Dimension 1 Dimension 2 Dimension 3 Dimension 4 Dimension 5 Dimension 6 Dimension 7 Dimension 8
Seller commodity 70 80 30 70 60 10 50 70
TABLE 1
The historical scores of the recommendation data are shown in table 2, where table 2 illustrates 10 dimension-related data commodities from correlation 1 to correlation 10, scores in 8 dimensions from dimension 1 to dimension 8, and correlation 1 is a data commodity associated with a seller commodity, for example, the score of the data commodity "correlation 1" in dimension 1 is 70 points; the data item "related 2" scored 60 points in dimension 6.

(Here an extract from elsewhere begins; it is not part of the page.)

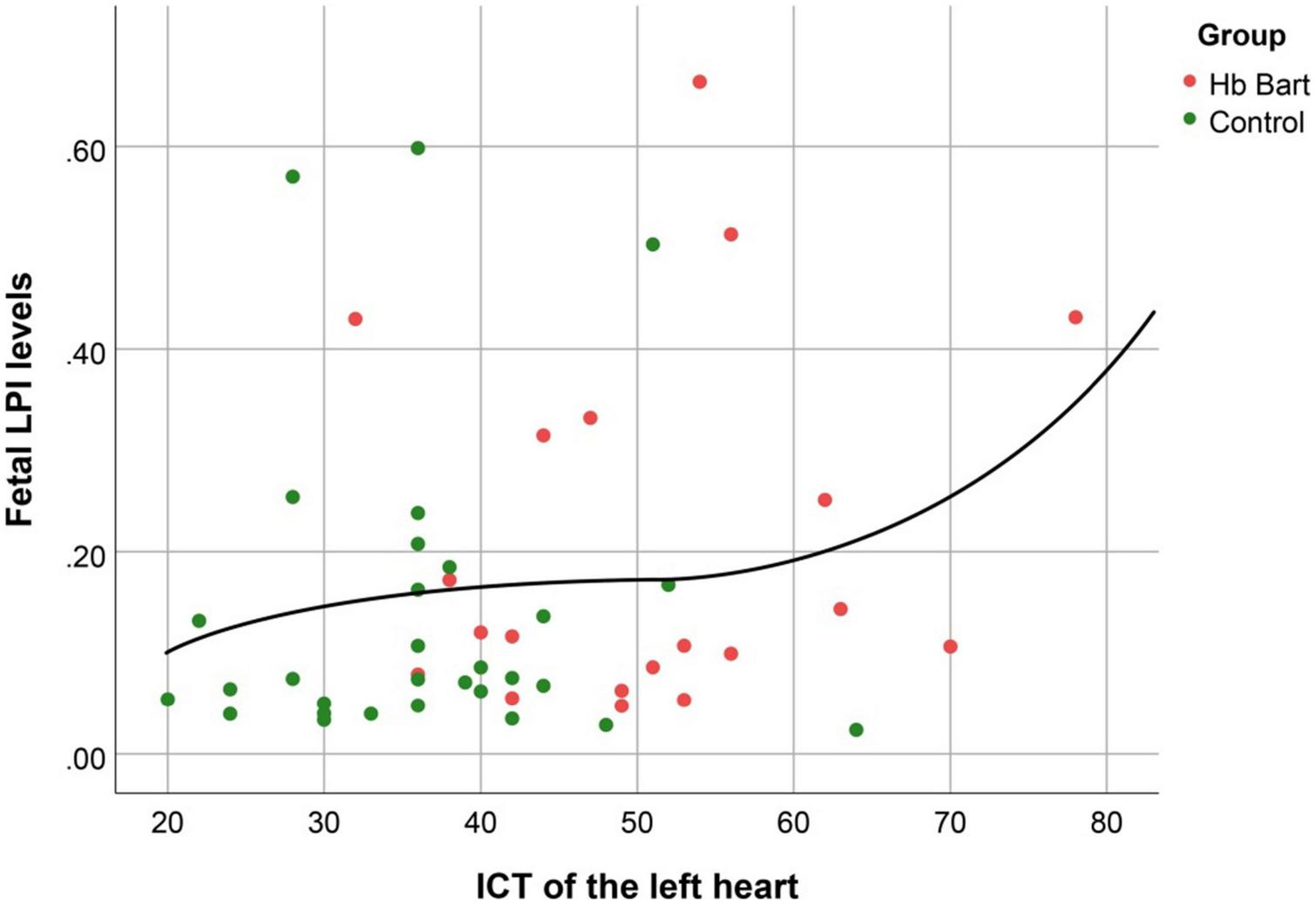 The correlation between fetal LPI (Labile Plasma Iron) levels and fetal left isovolumetric contraction times (ICT) (Cubic function; R2: 0.044; p: 0.554).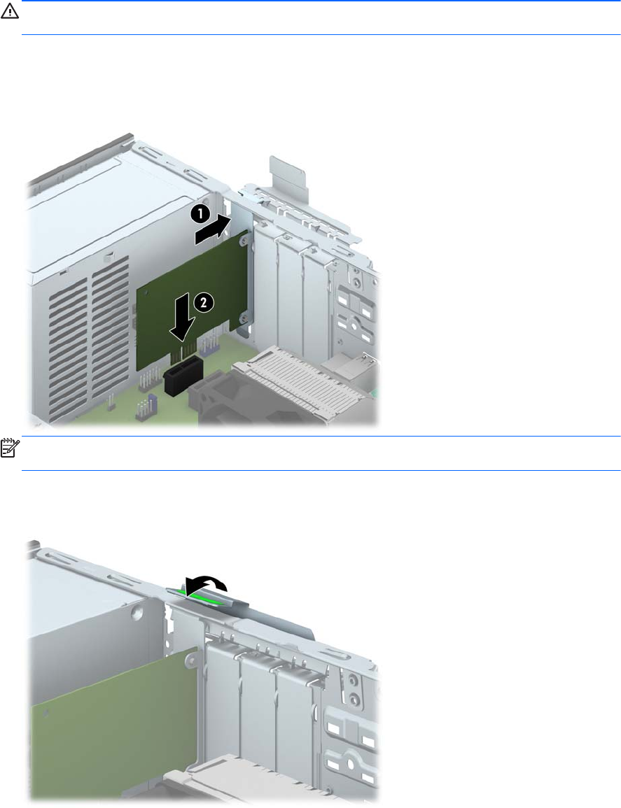 13. スロット カバー固定ラッチを回転させて元の位置に戻し、拡張カードを所定の位置に固定しま

Dimension 1 Dimension 2 Dimension 3 Dimension 4 Dimension 5 Dimension 6 Dimension 7 Dimension 8
Correlation 1 70 80 60 50 50 70 50 80
Correlation 2 80 70 90 70 60 60 70 80
Correlation 3 70 70 50 50 70 60 50 80
Correlation 4 50 80 70 70 60 70 50 70
Correlation 5 30 80 80 40 30 60 70 80
Correlation 6 70 80 70 50 60 10 50 100
Correlation 7 80 70 40 80 80 60 50 80
Correlation 8 60 80 30 60 60 70 70 60
Correlation 9 90 70 70 70 70 60 90 70
Correlation 10 40 30 40 50 60 70 80 60
TABLE 2
The scoring matrix is shown in table 3, where table 3 illustrates the scoring matrix obtained by combining table 1 and table 2, for example, the score of a seller commodity in dimension 6 is 10 points; the data item "related 3" scored 60 points in dimension 6.
Dimension 1 Dimension 2 Dimension 3 Dimension 4 Dimension 5 Dimension 6 Dimension 7 Dimension 8
Seller commodity 70 80 30 70 60 10 50 70
Correlation 1 70 80 60 50 50 70 50 80
Correlation 2 80 70 90 70 60 60 70 80
Correlation 3 70 70 50 50 70 60 50 80
Correlation 4 50 80 70 70 60 70 50 70
Correlation 5 30 80 80 40 30 60 70 80
Correlation 6 70 80 70 50 60 10 50 100
Correlation 7 80 70 40 80 80 60 50 80
Correlation 8 60 80 30 60 60 70 70 60
Correlation 9 90 70 70 70 70 60 90 70
Correlation 10 40 30 40 50 60 70 80 60
TABLE 3
In a specific embodiment, in addition to the S1 data matching dimension, the S3 data contribution dimension, and the S6 data application dimension of the eight target evaluation dimensions mentioned above, the target evaluation dimensions further include: the data quality dimension of S2, the credibility dimension of S4, the appraisal dimension of S5, the assets dimension of S7 and the management maturity of S8 are described in a one-to-one manner.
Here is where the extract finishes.